> _What you should do_
Give the records below again, word for word. No pictures belong in the copy.

> _Records from a data source_
------------------------------------------------
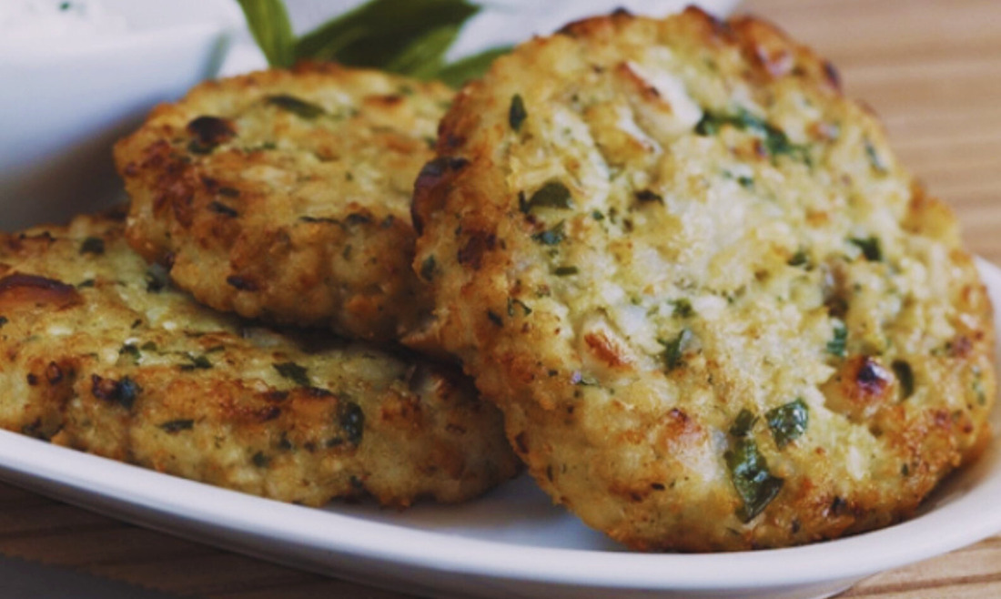 マカダミア入りエビと白身魚のすり身焼き、ミントヨーグルトソース
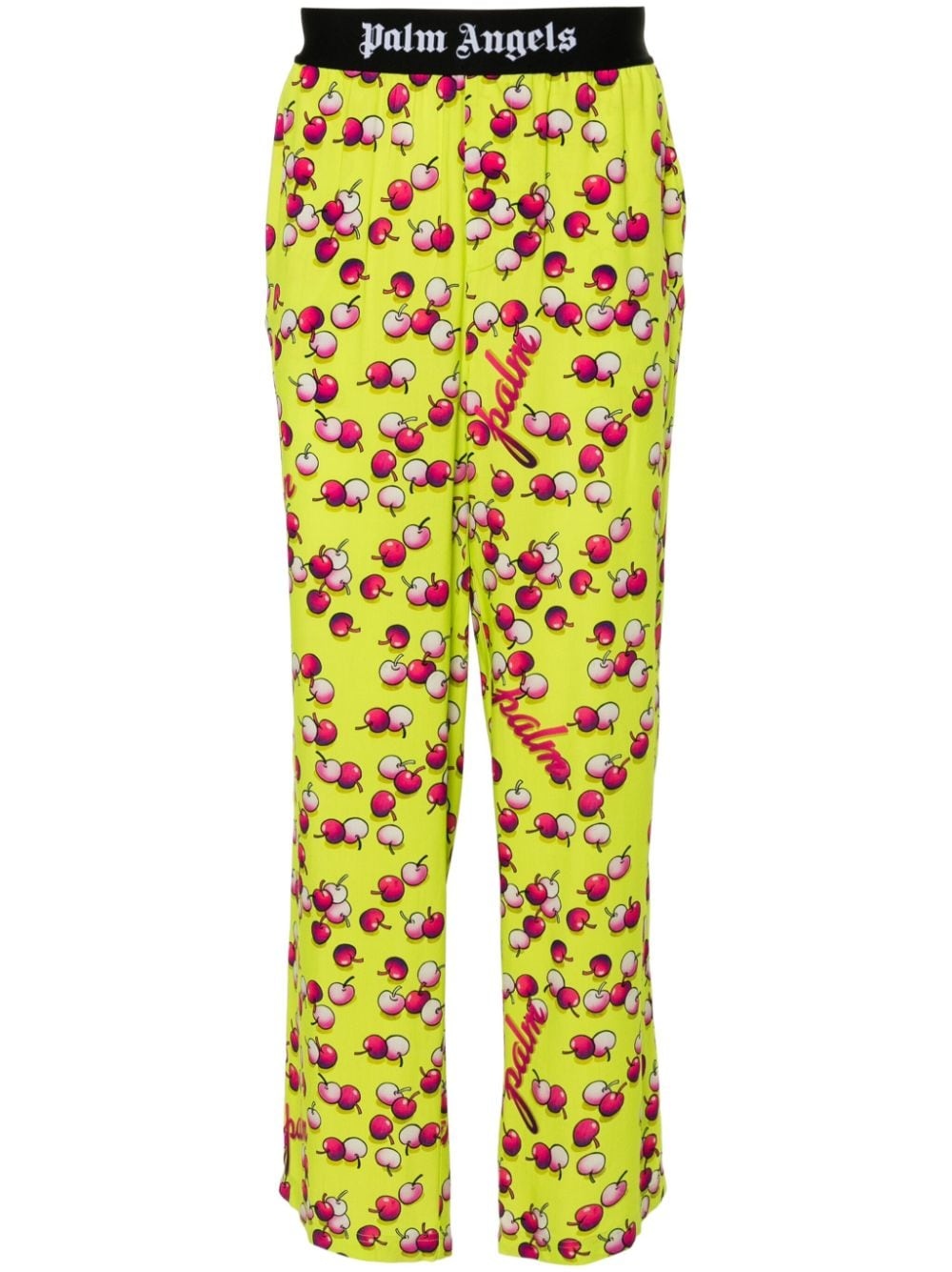cherry-print trousers Highlights - Chartreuse - All-over cherry print - Elasticated logo waistband - Two diagonal pockets to the sides - Rear welt pocket - Straight leg Made in Italy Composition Viscose 100%, Polyamide 67%, Polyester 23%, Elastane 10% SIZE & FIT Model measurements Height 6 ft 2 in(1.87 m) Bust/Chest 38.18 in(97 cm) Hips 36.61 in(93 cm) Waist 29.13 in(74 cm) FittingInformation Designed for a relaxed straight leg, allowing a comfortable and loose fit over the leg The elasticated waist allows for a comfortable fit Made from a lightweight non-stretch fabric This piece fits true to size – take your usual size Washing instructions Machine Wash
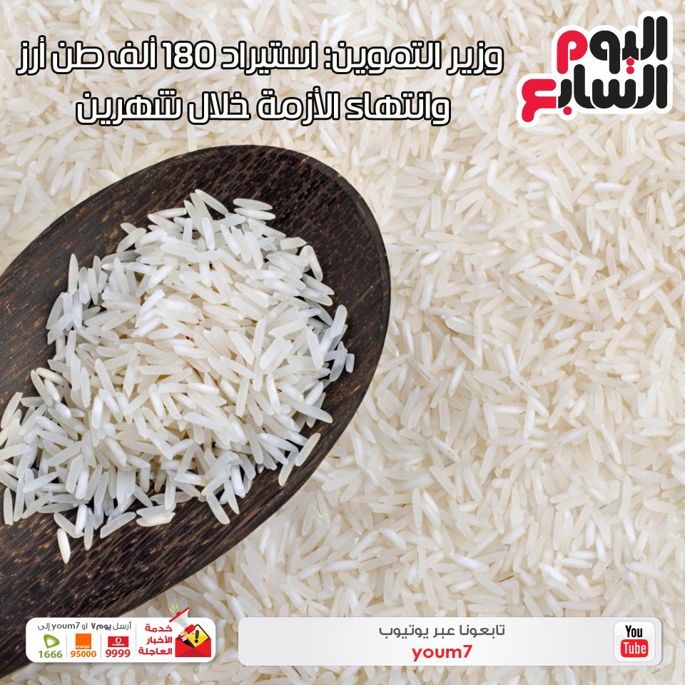 وزير التموين: استيراد 180 ألف طن أرز.. وانتهاء الأزمة خلال شهرين http://goo.gl/qPRwYy pic.twitter.com/b0HaDSn81x
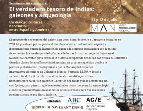 El 11 de julio, en el MAN (calle de Serrano 13, MADRID) estaremos, desde las 09:45 de la mañana escuchando a grandes académicos de Colombia, México, España, Portugal y EE.UU. para conocer sus visiones sobre la polémica y sobre la mejor manera de investigar un galeón, que se aleja diametralmente de la seguida por el Gobierno colombiano.
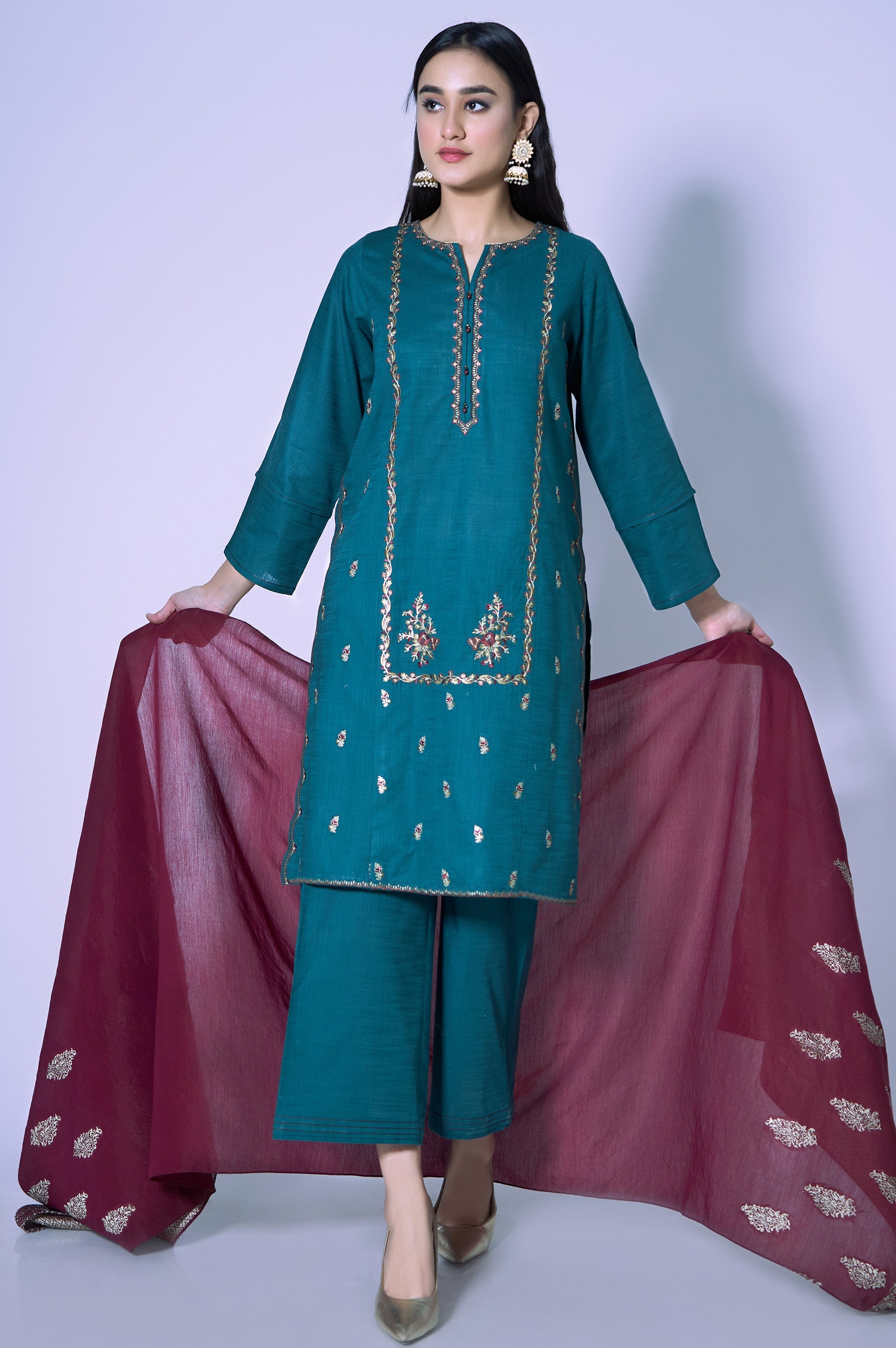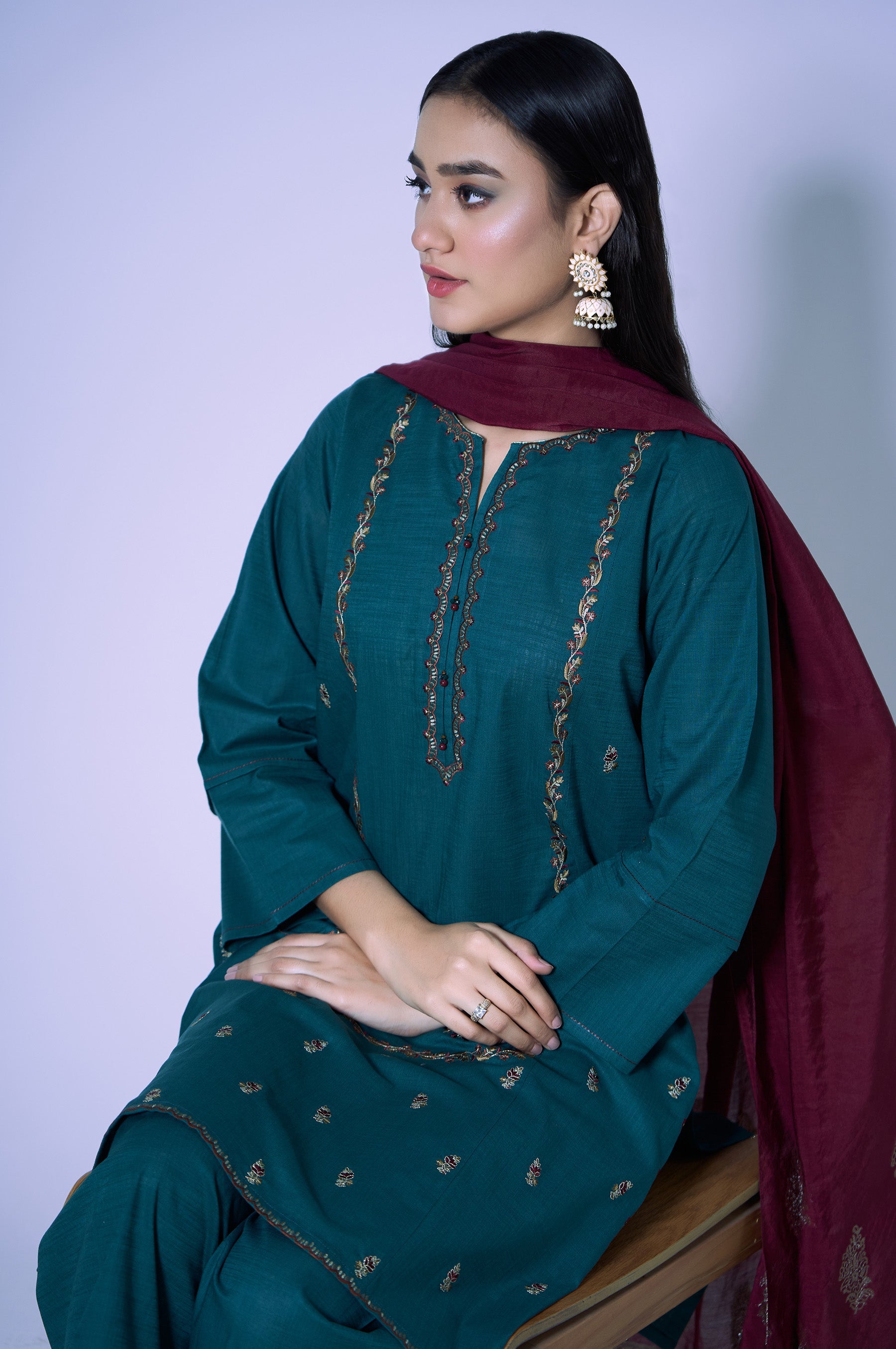 Stitched 3 Piece Cotton Slub Embroidered Outfit
------------------------------------------------
> _Exercise output_
 マカダミア入りエビと白身魚のすり身焼き、ミントヨーグルトソース
cherry-print trousers Highlights - Chartreuse - All-over cherry print - Elasticated logo waistband - Two diagonal pockets to the sides - Rear welt pocket - Straight leg Made in Italy Composition Viscose 100%, Polyamide 67%, Polyester 23%, Elastane 10% SIZE & FIT Model measurements Height 6 ft 2 in(1.87 m) Bust/Chest 38.18 in(97 cm) Hips 36.61 in(93 cm) Waist 29.13 in(74 cm) FittingInformation Designed for a relaxed straight leg, allowing a comfortable and loose fit over the leg The elasticated waist allows for a comfortable fit Made from a lightweight non-stretch fabric This piece fits true to size – take your usual size Washing instructions Machine Wash
 وزير التموين: استيراد 180 ألف طن أرز.. وانتهاء الأزمة خلال شهرين http://goo.gl/qPRwYy pic.twitter.com/b0HaDSn81x
 El 11 de julio, en el MAN (calle de Serrano 13, MADRID) estaremos, desde las 09:45 de la mañana escuchando a grandes académicos de Colombia, México, España, Portugal y EE.UU. para conocer sus visiones sobre la polémica y sobre la mejor manera de investigar un galeón, que se aleja diametralmente de la seguida por el Gobierno colombiano.
 Stitched 3 Piece Cotton Slub Embroidered Outfit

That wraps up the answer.